The King of Raï earns his title as he blends together the genre with a number of others to make an album full of wonderful dance tracks, bringing traditional Algerian sounds firmly into the 21st century
Foreign-language songs that become chart-toppers in the West are few and far between. With the rare exceptions of the Korean song Gangnam Style, the Swedish song Boten Anna and the Turkish song Sımarık, which all relied on YouTube for their immense global success, one common trope that most of the songs that manage to break into the Anglophone market have in common is that they are almost always sung in Spanish or Portuguese. Perhaps this is because, like English, they are European languages, although that fails to explain why the number of Italian, French, and Romanian language tracks (with the exception of O-Zone’s Dragostea Din Tei) is so scarce amongst pop songs that have become mainstream in the UK and the US. It could be argued that songs by the likes of Ricky Martin, Enrique Iglesias, Gloria Estefan, Michel Telo, and Kaoma all have a particular ‘tropical twang’ that perhaps makes their music appealing to a Western audience, as it paints a picture of beaches, parties and holidays. However, this still fails to explain why a song originally by an Algerian, sung in French and Arabic, when covered in Spanish by Marc Anthony become the sound of the summer across the globe in 2013.

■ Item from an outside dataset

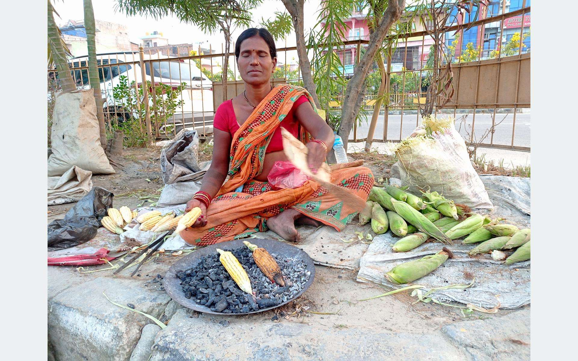 करिब ३०÷३५ किलोमिटर धाएर ल्याएको मकै सडकपेटीमै पसारेर हातमुख जोर्ने बन्दोबस्त गर्ने दासलाई त्यसरी आर्जेको एक गाँस खान पनि निकै हतार हुन्छ । “मकै लिन जाँदै एउटा थैलामा खानेकुरा बोकेर हिँड्छु, यहाँ बर्दिबासको सडकपेटीमा मकै बिसाउनासाथ ग्राहक झुम्मिन्छन्, आपूm खानेकुरा खानु कि ग्राहक हेर्नु हुन्छ”, दास भन्नुहुन्छ, “सधैँको राख्ने ठाउँबाट तावा र कोइला निकाल्छु, हतारहतार दुई गाँस खाएर मकै पोल्न थाल्छु ।”

“The album contains a vast array of styles and influences, but one thing the whole record has in common is its magnetic pull that it has between its listeners and the dance floor. ”

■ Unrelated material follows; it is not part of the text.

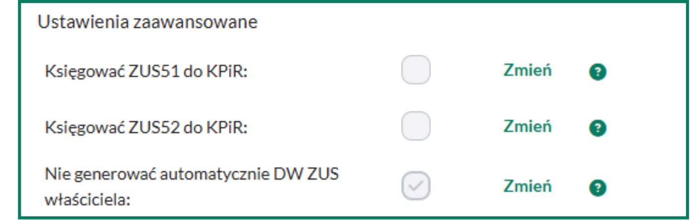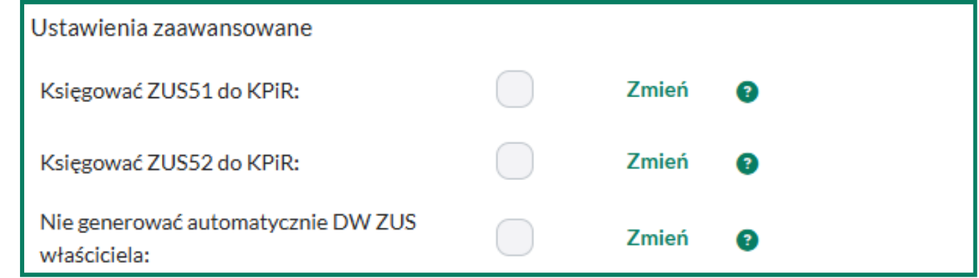 W przypadku gdy opłacany jest Mały ZUS plus należy kliknąć przycisk Zmień przy parametrze Mały ZUS plus.

What is perhaps even more shocking than the fact the original failed to have the same kind of international success as its slightly more salsa-esque counterpart, is that I only recently found its existence and had immediately assumed the song that was my ringtone when I was aged 17, Vivir Mi Vida, was indeed the original. Nevertheless, whilst I can appreciate the title-track on this album is a great song, I have slightly ruined it for myself by having listened to Marc Anthony’s Spanish language version as well as the Hebrew version Hashem Melech by Gad Elbaz too many times,. Therefore, when listening to this album for the first time I rather naively thought that the first song would be the only track worth listening to. However, Khaled’s raï-pop fusion deservedly earns him the nickname the ‘King of Raï’, despite the presence of other masters of the genre including Libya’s Ahmed Fakroun as well as Algeria’s Rachid Taha. Listening to the album C’est La Vie proves why such high praise is bandied around about Khaled.

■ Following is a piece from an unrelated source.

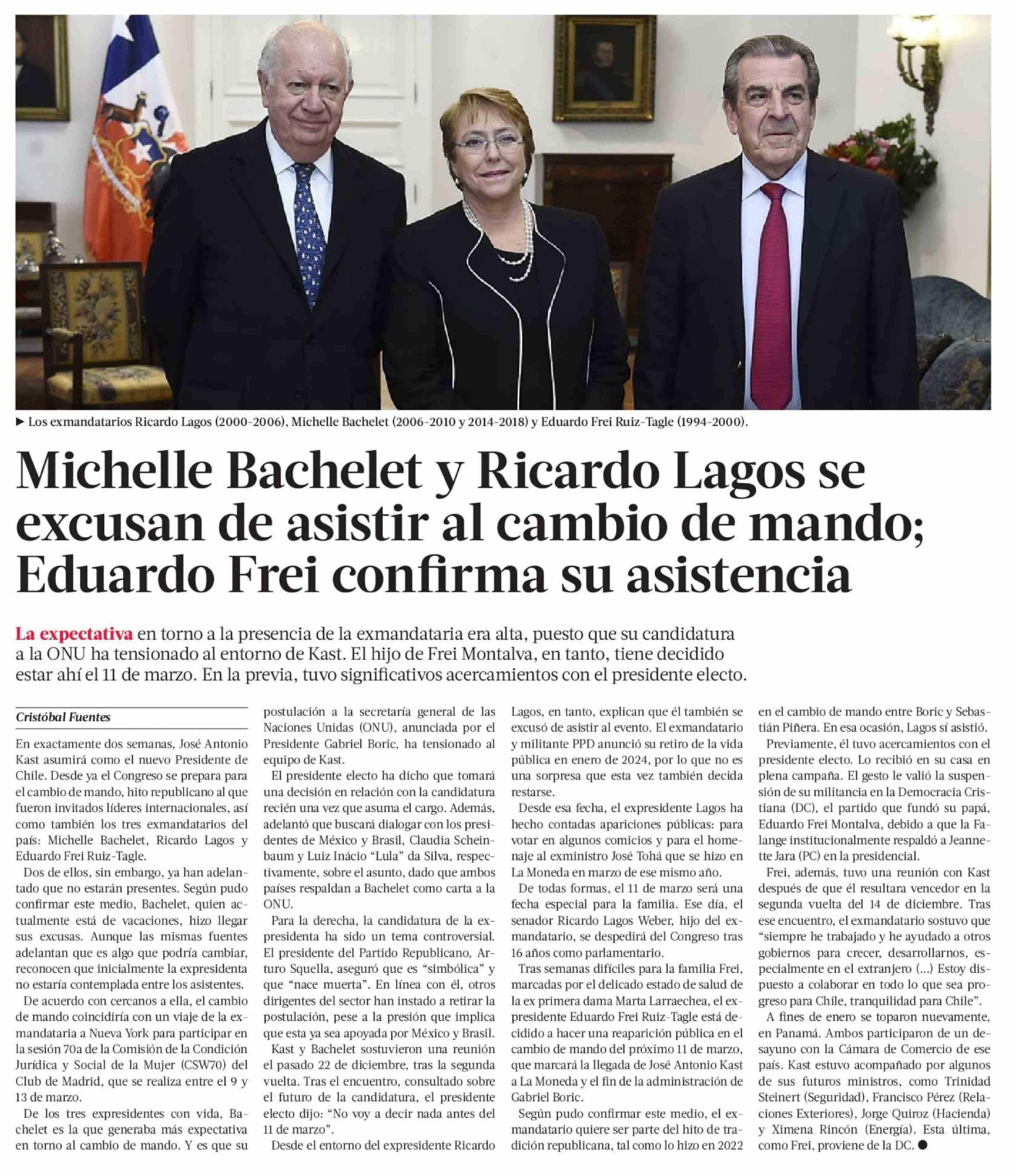 Michelle Bachelet y Ricardo Lagos se excusan de asistir al cambio de mando; Eduardo Frei confirma su asistencia

The album contains a vast array of styles and influences, but one thing the whole record has in common is its magnetic pull that it has between its listeners and the dance floor. The variety of all of Khaled’s toe-tappers is immense. The EDM numbers like Ana Âacheck, Hiya Hiya featuring Mr Worldwide himself, Pitbull, and Wili Wili that could all set crowds alight at festivals, whilst the more traditional raï songs El Harraga and Bab Jenna, also have got a danceable quality to them too. I am also impressed by the cross-cultural influences as not only does he sung in French and Arabic, but he also honours North Africa’s close relationship with the south of Spain, not only by naming a song after the region, Andalucia, but also including a homage to flamenco with use of castanets. This is not the only Hispanic-inspired track with the final song Elle Est Partie carrying almost a slight tango vibe at times.
However, I would argue that Khaled is at his best during his more rocky numbers Encore Une Fois and my favourite song Dima Labess. There is something quite iconic about these two songs and I would suggest that it is perhaps down to his powerful voice that he belts out both choruses with. If I had to nit-pick, I would say the only genre that Khaled does not blend well with raï is R&B as I did not care much for the song Laila. Yet, this is as an incredibly minor criticism for what is ultimately an album that I have enjoyed more each time I have listened to it. Whilst Marc Anthony may have taken most of the plaudits for Khaled’s work, the Algerian singer can rest assured that he produced an entertaining masterpiece. When taste-makers in the Anglophone West finally discover Khaled I have no doubt they would not feel regret that they had not come across his genius sooner.